Greenfield-Central seeks new boys basketball coach after Wayer resigns for Fishers job
Greenfield-Central lost Miles Wayer after one season, and the Cougars want a replacement by May. The expected Fishers move ties this opening to one of Indiana’s premier programs.

Greenfield-Central is back in the market for a boys basketball coach after Miles Wayer resigned following just one season, a sudden turn that leaves the Cougars trying to stabilize the program before offseason work really starts. The varsity opening was posted as soon as Wednesday, and athletic director Jared Manning said the school hopes to have a new coach in place by the May board meeting.
The timing matters because Greenfield-Central was not coming off a collapse. The Cougars finished 12-12 and closed the season with four straight wins before running into Mt. Vernon in the Class 4A Sectional 9 championship. Mt. Vernon won that game 64-50, ending a late push that had given Greenfield-Central something concrete to build on heading into the spring. In that sectional loss, the Cougars shot 46% from the field, hit 6 of 14 three-pointers and finished with 12 assists against 8 turnovers.
That makes the next hire less about rescuing a broken program and more about preserving momentum. Wayer, in his only season at Greenfield-Central, left behind a team that showed it could score efficiently and compete deep into the tournament. Manning’s comments reflected that reality, noting the school valued what Wayer brought to the program and had hoped he would stay longer. The new coach will inherit a roster with some baseline success already established, not a rebuild from scratch.
The other half of the story is Fishers, where Wayer is expected to be named the next head coach. He previously spent three seasons there as an assistant under Garrett Winegar, who guided one of the most dominant runs in recent Indiana boys basketball memory. Fishers went 73-14 during Winegar’s tenure and 59-2 from 2023 through 2025, a stretch that included the program’s first state title in 2024, a state runner-up finish in 2025 and a 43-game winning streak.
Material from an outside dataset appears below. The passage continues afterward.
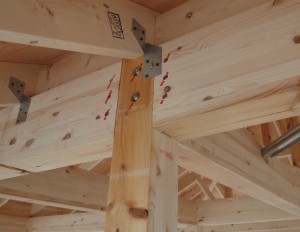 下条のS邸の建て方が無事終了できました。今日あたりから天気が悪い予報で、しかも下條は飯田より雨の降りだしが早いので、何時降ってくるかと気がかりでしたが、ここのところ大当たりの塩沢君の判断で3時には養生まで完了することができてホッとしました。現場で足場に上って見ると、外周りの柱と梁の接合部のボルトとドリフトピン接合の確認のマジックの印がありました。内部は大工さんがしてくれますが、塩沢君の念を入れてのチェックが仕事を確実にしてくれています。頼もしい限りです。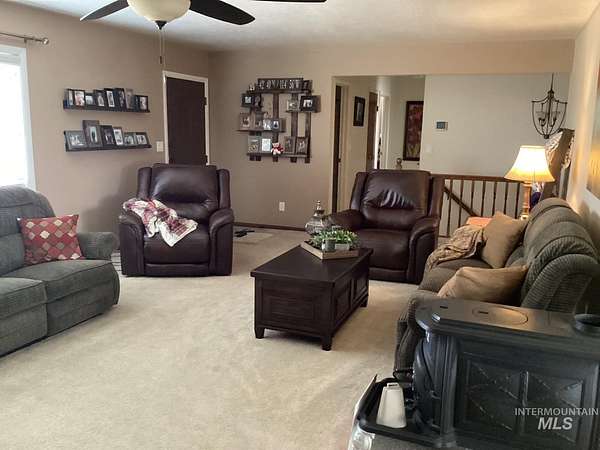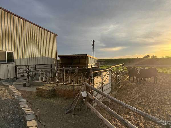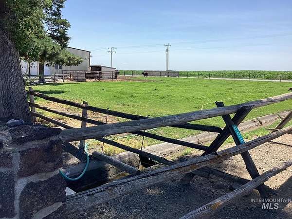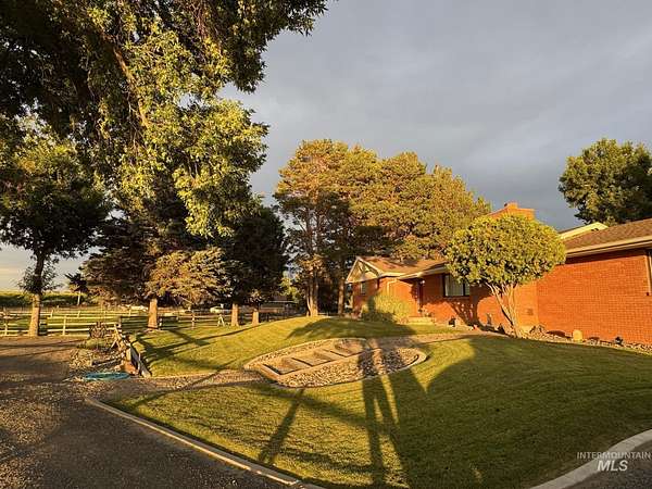 Ranch home with 4 bedrooms/2 baths & 2 car garage on 8+ irrigated acres SW of Jerome. This corner lot offers beautiful sights & sounds of the country with close proximity to schools & shopping while experiencing country living. 2 bedrooms/ 2 baths are on the main level with a nice large room off the kitchen that can be accessed from the backyard. The kitchen has ample cabinet space with both a freestanding range & wall oven for those who like to cook/bake. The living room has a corner fireplace on the main floor. The lower level consists of a wood burning stove, 2 bedrooms, family room, root cellar & utility room with a wash tub & storage cabinets & accessed from garage or inside the house. There are two large concreted floor shops 30x40' & 35x60' with multiple doors. House & grounds are immaculate with a large garden area with apple, apricot, plum & mature shade trees. This ranch has numerous pastures with fencing, corrals and stanchions giving you that open country feeling. Well pump replaced July 2025. ***Motivated Seller says bring an offer and let's negotiate

Fishers also enters the next cycle with real firepower intact. Jason Gardner Jr. and Cooper Zachary are back, both part of the Indiana Junior All-Stars core group, and Zachary’s production in the Hoosier Crossroads Conference, 15.0 points, 5.3 assists and 2.9 steals per game, gives the Tigers a proven lead guard profile. With Winegar leaving in March for Iowa United Prep and Fishers still positioned among the state’s elite, Wayer’s move links two programs in the same orbit and gives both schools an offseason decision with statewide implications.